-- Data excerpt follows --

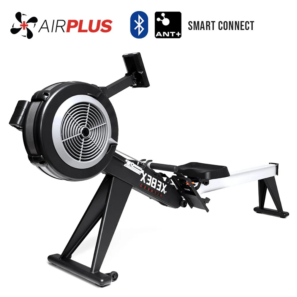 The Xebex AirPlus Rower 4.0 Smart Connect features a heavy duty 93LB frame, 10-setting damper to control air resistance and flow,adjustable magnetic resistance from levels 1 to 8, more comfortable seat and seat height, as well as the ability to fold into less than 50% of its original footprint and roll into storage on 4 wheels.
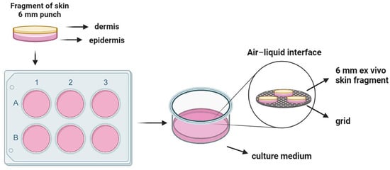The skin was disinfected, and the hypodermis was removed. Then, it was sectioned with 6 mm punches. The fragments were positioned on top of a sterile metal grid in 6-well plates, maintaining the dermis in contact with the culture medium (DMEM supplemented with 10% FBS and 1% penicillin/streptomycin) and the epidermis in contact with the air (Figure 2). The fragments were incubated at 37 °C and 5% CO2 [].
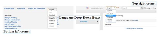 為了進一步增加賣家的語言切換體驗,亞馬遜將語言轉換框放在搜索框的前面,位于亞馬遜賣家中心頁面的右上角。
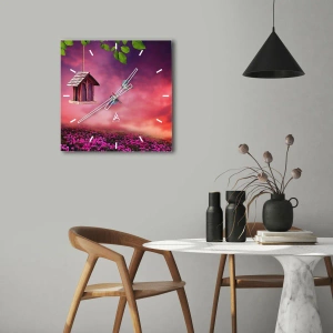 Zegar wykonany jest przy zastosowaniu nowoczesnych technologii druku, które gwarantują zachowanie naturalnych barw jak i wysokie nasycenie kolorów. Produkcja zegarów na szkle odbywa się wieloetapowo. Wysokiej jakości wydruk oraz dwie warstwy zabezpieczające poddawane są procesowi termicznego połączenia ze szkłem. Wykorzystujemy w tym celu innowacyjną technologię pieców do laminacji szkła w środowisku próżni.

-- Data excerpt concluded --

Write the material above out again exactly. Omit every image.

 The Xebex AirPlus Rower 4.0 Smart Connect features a heavy duty 93LB frame, 10-setting damper to control air resistance and flow,adjustable magnetic resistance from levels 1 to 8, more comfortable seat and seat height, as well as the ability to fold into less than 50% of its original footprint and roll into storage on 4 wheels.
The skin was disinfected, and the hypodermis was removed. Then, it was sectioned with 6 mm punches. The fragments were positioned on top of a sterile metal grid in 6-well plates, maintaining the dermis in contact with the culture medium (DMEM supplemented with 10% FBS and 1% penicillin/streptomycin) and the epidermis in contact with the air (Figure 2). The fragments were incubated at 37 °C and 5% CO2 [].
 為了進一步增加賣家的語言切換體驗,亞馬遜將語言轉換框放在搜索框的前面,位于亞馬遜賣家中心頁面的右上角。
 Zegar wykonany jest przy zastosowaniu nowoczesnych technologii druku, które gwarantują zachowanie naturalnych barw jak i wysokie nasycenie kolorów. Produkcja zegarów na szkle odbywa się wieloetapowo. Wysokiej jakości wydruk oraz dwie warstwy zabezpieczające poddawane są procesowi termicznego połączenia ze szkłem. Wykorzystujemy w tym celu innowacyjną technologię pieców do laminacji szkła w środowisku próżni.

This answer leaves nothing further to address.